Antes de comenzar a explicar en qué consiste y qué objetivo conseguimos realizando este tipo de entrenamiento, he de dar una connotación a tener en cuenta, y es que, no es un tipo de entrenamiento para principiantes, puesto que requiere de una exigencia alta en cuanto al trabajo de fuerza y su técnica a la hora de la ejecución de los ejercicios.

Como bien nos dan a entender estos dos nombres, no solo va a haber una serie de ejercicios con sus repeticiones correspondientes, sino que va a estar compuesta mínimo por dos ejercicios. Ambos tipos de entrenamiento, comparten objetivos. Pero no comparten la forma de realización entre ellos.

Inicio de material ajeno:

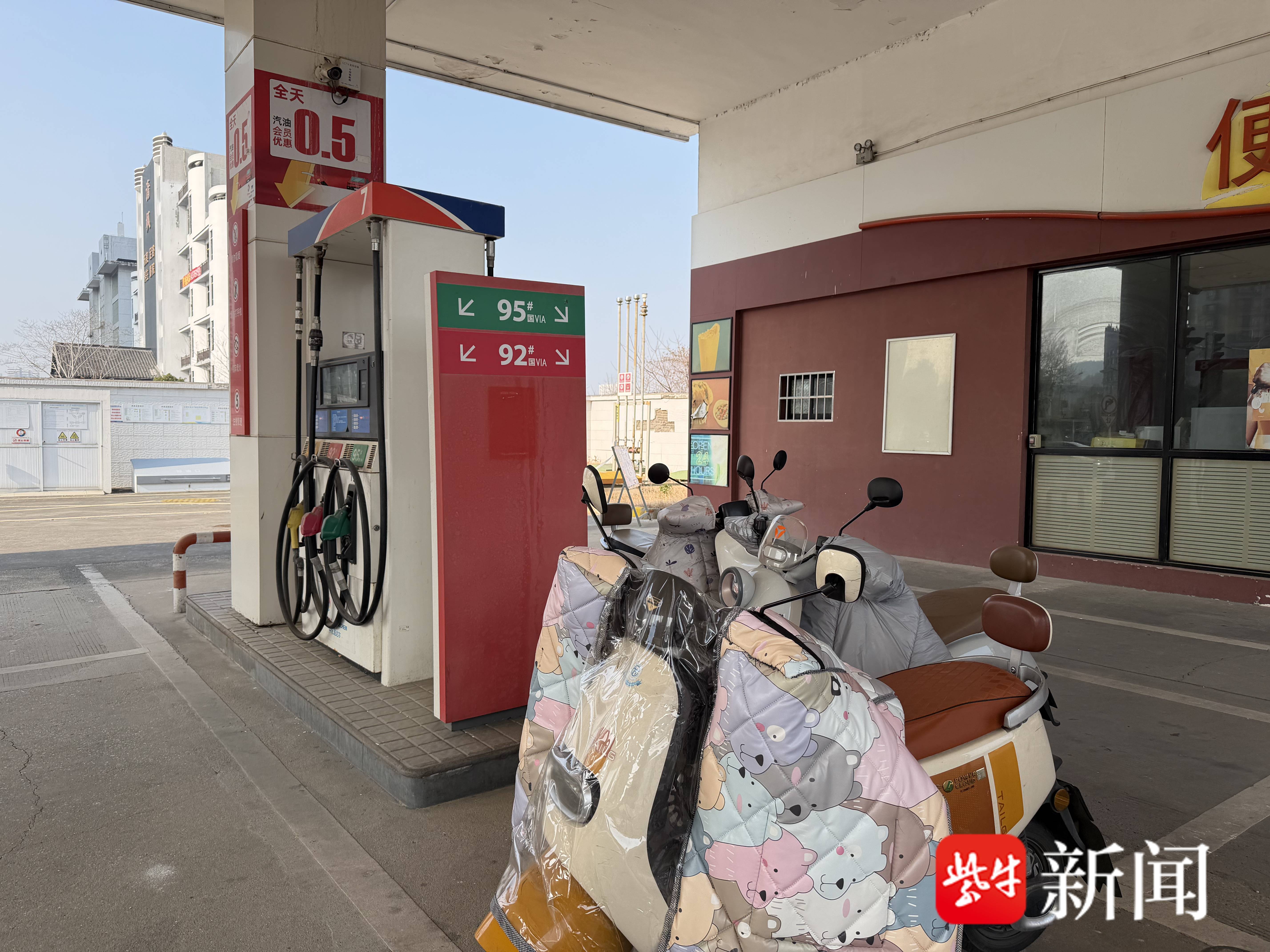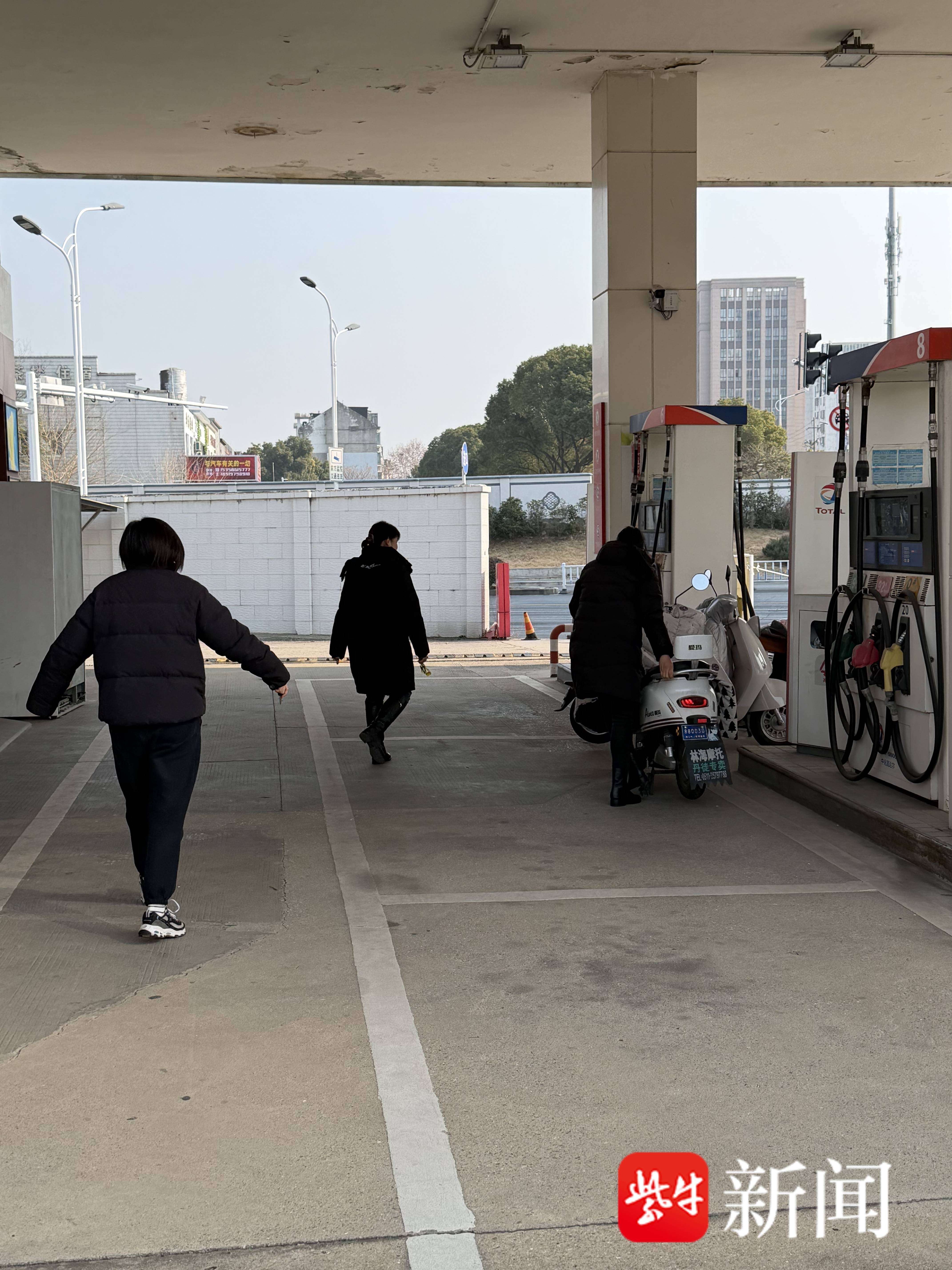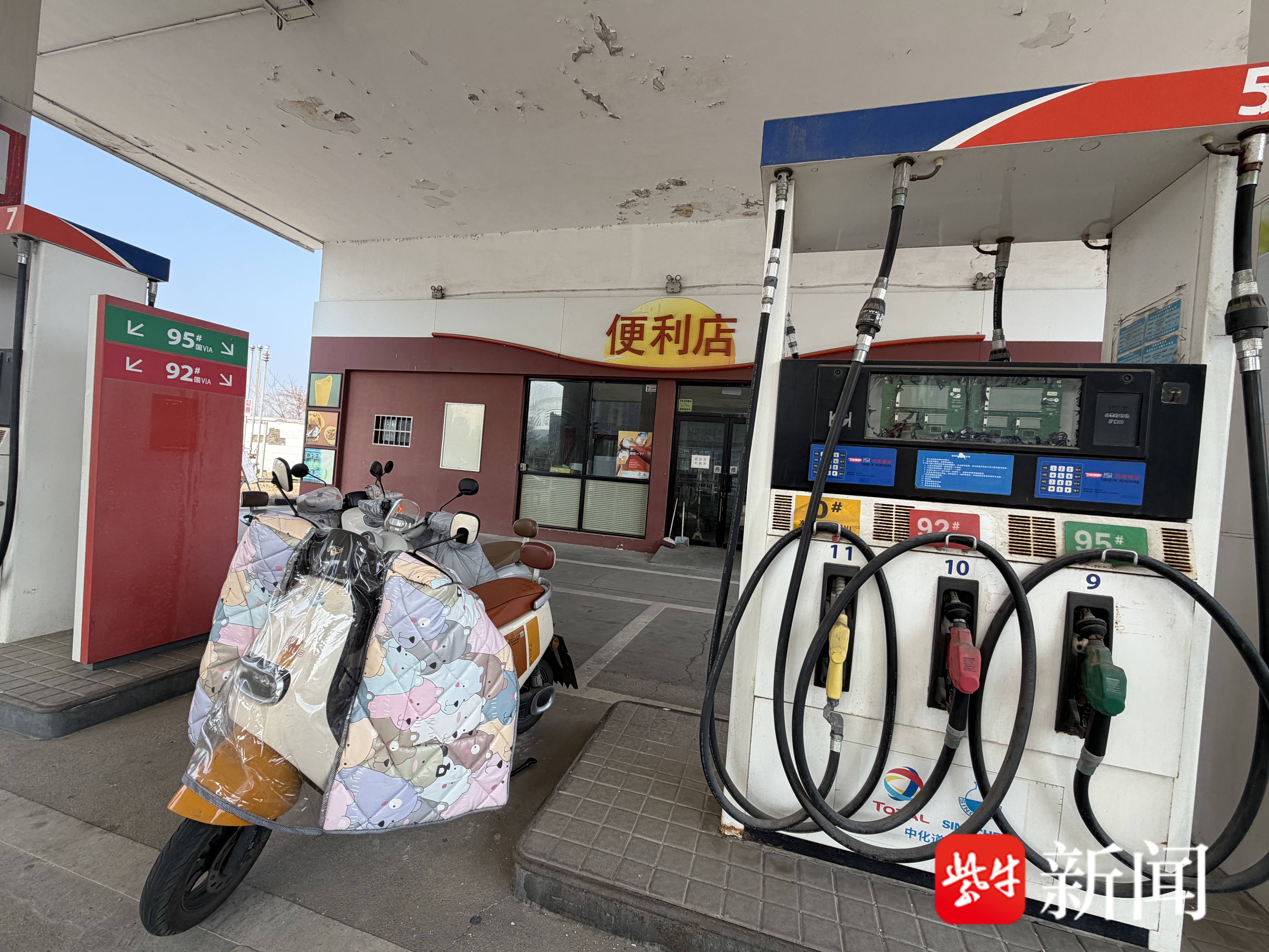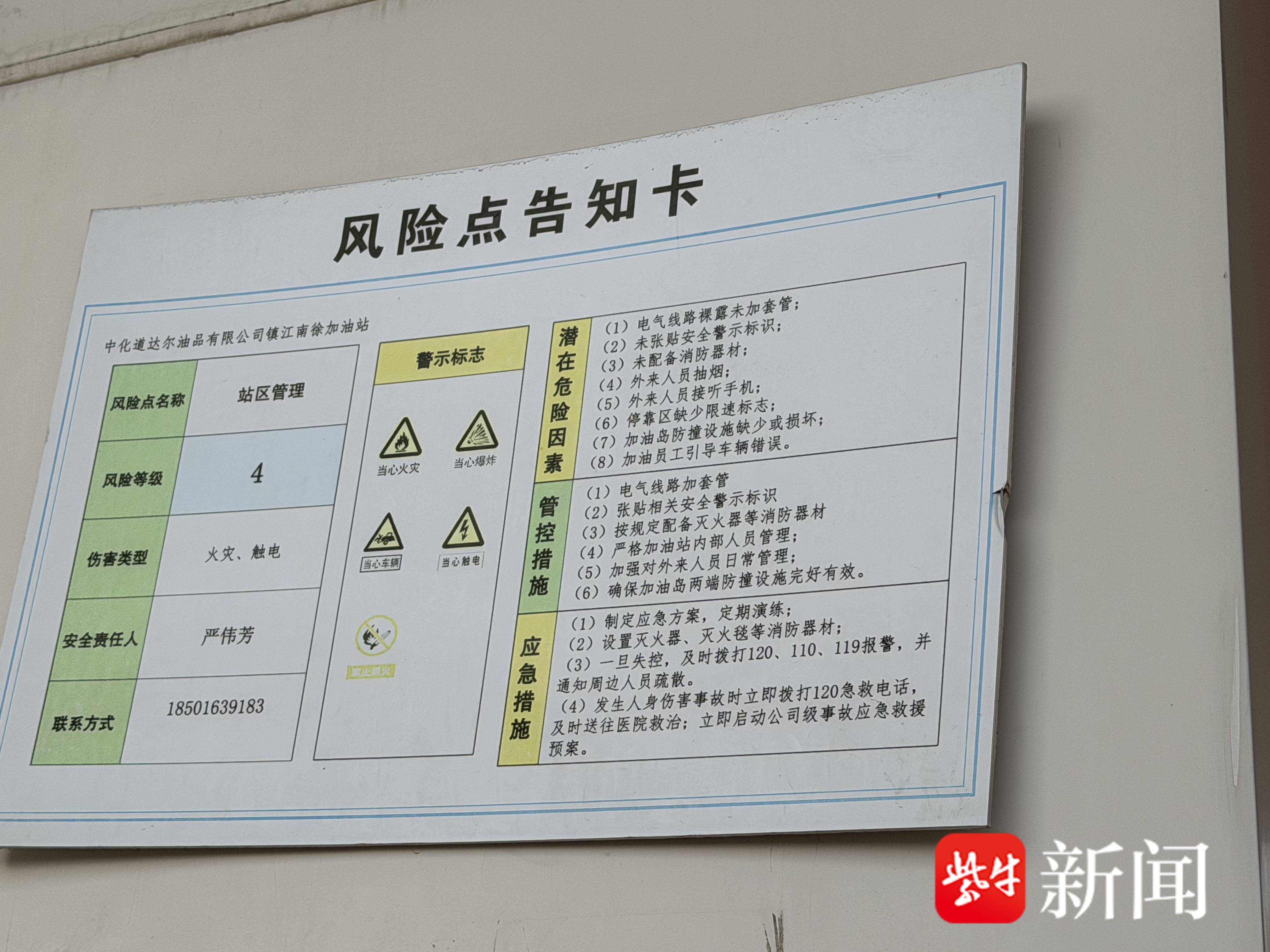 1月8日,在吴青等带领下,扬子晚报/紫牛新闻记者随意就进入了这座“停摆”的加油站内,没有看到加油站内有任何人员值守,4台加油机一应俱全。而让吴青等惊心的是,有三辆电动车就放在两台加油机中间!一旁张贴的“风险点告知卡”(当心火灾、当心爆炸、当心车辆、当心触电)和入口处的低垂安全带则形同虚设。记者透过门上玻璃望进去,加油站内的“便利店”已看不到什么商品,一派凌乱荒废的景象。

Estas son sus características:

  • Si buscas optimizar tu tiempo en el gimnasio, porque apenas dispones de él, es un tipo de entrenamiento en el que las sesiones son más cortas, debido a cómo están  estructurados los ejercicios.
  • Es un entrenamiento que se utiliza en momentos puntuales. No es recomendable  permanecer en el tiempo con él.
  • Se van a acumular a lo largo de la sesión una mayor cantidad de series y un mayor número de repeticiones totales.
  • No existe el descanso entre ambas series. Solo al finalizar la serie completa.
  • El peso que vamos a mover será menor que el que muevas en un trabajo de fuerza o hipertrofia donde el objetivo es distinto.
  • Se va a conseguir un volumen bastante alto, en el menor tiempo posible.
  • Durante el entrenamiento, se logrará una mayor eficacia.
  • Existe un riesgo, el cual debemos controlar con estos entrenamientos. Y es que al no existir descansos entre las series, se va a ir generando una mayor fatiga muscular, con síntomas de sobrecarga progresiva.
  • Podemos utilizarlos, como entrenamiento de “Definición” o  entrenamiento de “Disminución del volumen corporal”, por el incremento del gasto energético  y calórico a través del ejercicio de fuerza-resistencia, que ayudará a bajar de peso.
  • Existe un mayor consumo de energía, incluso pasadas las 24 horas del post-entreno. Resultando una mayor respuesta anabólica.
  • El gasto energético que nuestro cuerpo va a mantener una vez finalizado el entrenamiento, va a estar dado por la deuda de oxigeno que se produce en el inicio y durante toda la sesión (EPOC).
  • No son entrenamientos destinados a la ganancia de masa muscular.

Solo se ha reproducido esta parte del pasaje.